Francisco Wang

Personal information
- Date of birth: 14 February 2010 (age 16)
- Place of birth: Abrantes, Portugal
- Position: Winger

Team information
- Current team: Benfica

Youth career
- Benfica

International career^{‡}
- Years: Team / Apps / (Gls)
- 2024: Portugal U15 / 3 / (0)

= Francisco Wang =

Portuguese footballer (born 2010)

Francisco Wang (弗朗西斯科-王: born 14 February 2010) is a Portuguese professional footballer who plays as a winger for Benfica.

==Early life==
Wang was born on 14 February 2010. Born in Abrantes, Portugal, he is of Chinese descent through his parents.

==Club career==
As a youth player, Wang joined the youth academy of Benfica.
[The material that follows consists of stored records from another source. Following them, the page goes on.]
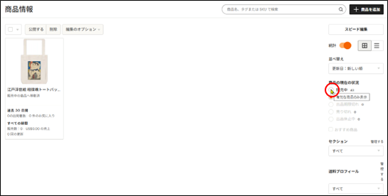 「販売中」にフラグ変更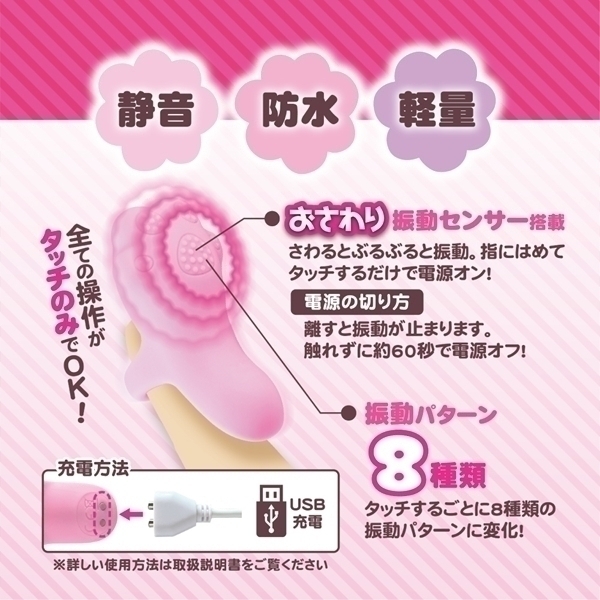 触れるだけで動き出す新感覚のタッチセンサー搭載アイテムです!全ての操作がタッチのみで完結するので、簡単で直感的な操作が可能♪指にはめて触れると振動がスタートし、触れるたびに振動パターンが変化します!離すと自動で停止し、触れずに約60秒経過すると電源がオフになる省エネ設計♪本体は33.5gの超軽量設計で、持ちやすく疲れにくい仕様!高品質なシリコンボディを採用し、防水性能と静音性も兼ね備えています♪使いやすさと機能性を両立したハイスペックな一品!日常のリラックスタイムや特別なひとときにぴったりのアイテムです♪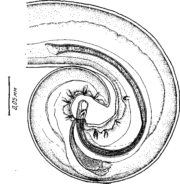 Самец. Длина тела 7,890 мм; длина выростов на головном конце 0,0217 мм. Расстояние от головного конца до нервного кольца 0,113 мм. Шейные сосочки расположены на расстоянии 0,096 мм от головного конца и 0,013 мм от нервного кольца. Длина фаринкса 0,052 мм. Длина мышечной части пищевода 0,609 мм; длина железистой части пищевода 1,575 мм. Хвостовой конец спирально закручен, снабжен узкими кутикулярными крыльями. Имеется девять пар стебельчатых сосочков; из них четыре пары преанальных и пять пар постанальных. Спикулы две, неравные, разной структуры; длина большей спикулы 0,283—0,291 мм, меньшей 0,087—0,091 мм. Расстояние от клоаки до конца хвоста 0,078 мм.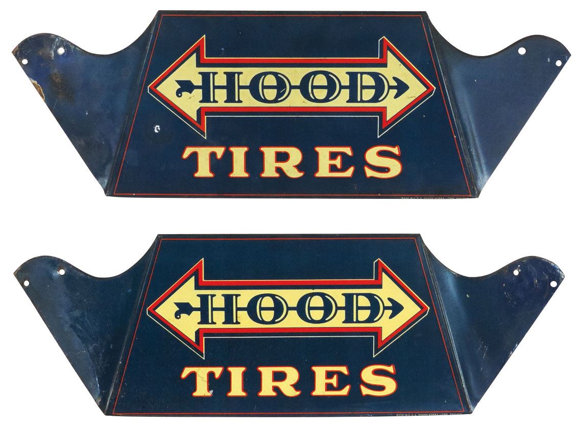 Automobilia, tire display, Hood Tires, litho on metal by Shonk Works-Chicago, 2-pc never-used display in VG/Exc cond, 7.5"H x 22.25"W.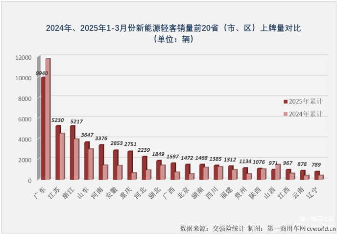 2025年1-3月,全国除港澳台外的31个省(直辖市、自治区)都有新能源轻客上牌,全国已有28个省(直辖市、自治区)新能源轻客上牌量超百辆,上牌量超1000辆的省(直辖市、自治区)有16个,其中广东省上牌量已接近万辆,达到9940辆,占今年一季度新能源轻客全国上牌量的18.47%。

During the spring of 2026, he signed his first professional contract for the club.

==International career==
Wang is a Portugal youth international. On 13 December 2024, he debuted for the Portugal national under-15 football team during a 3–0 home friendly win over the Ukraine national under-15 football team.

==Style of play==
Wang plays as a winger. Chinese news website Hupu Sports wrote in that "his key attributes include high speed, explosive acceleration, and proficiency with both his left and right feet".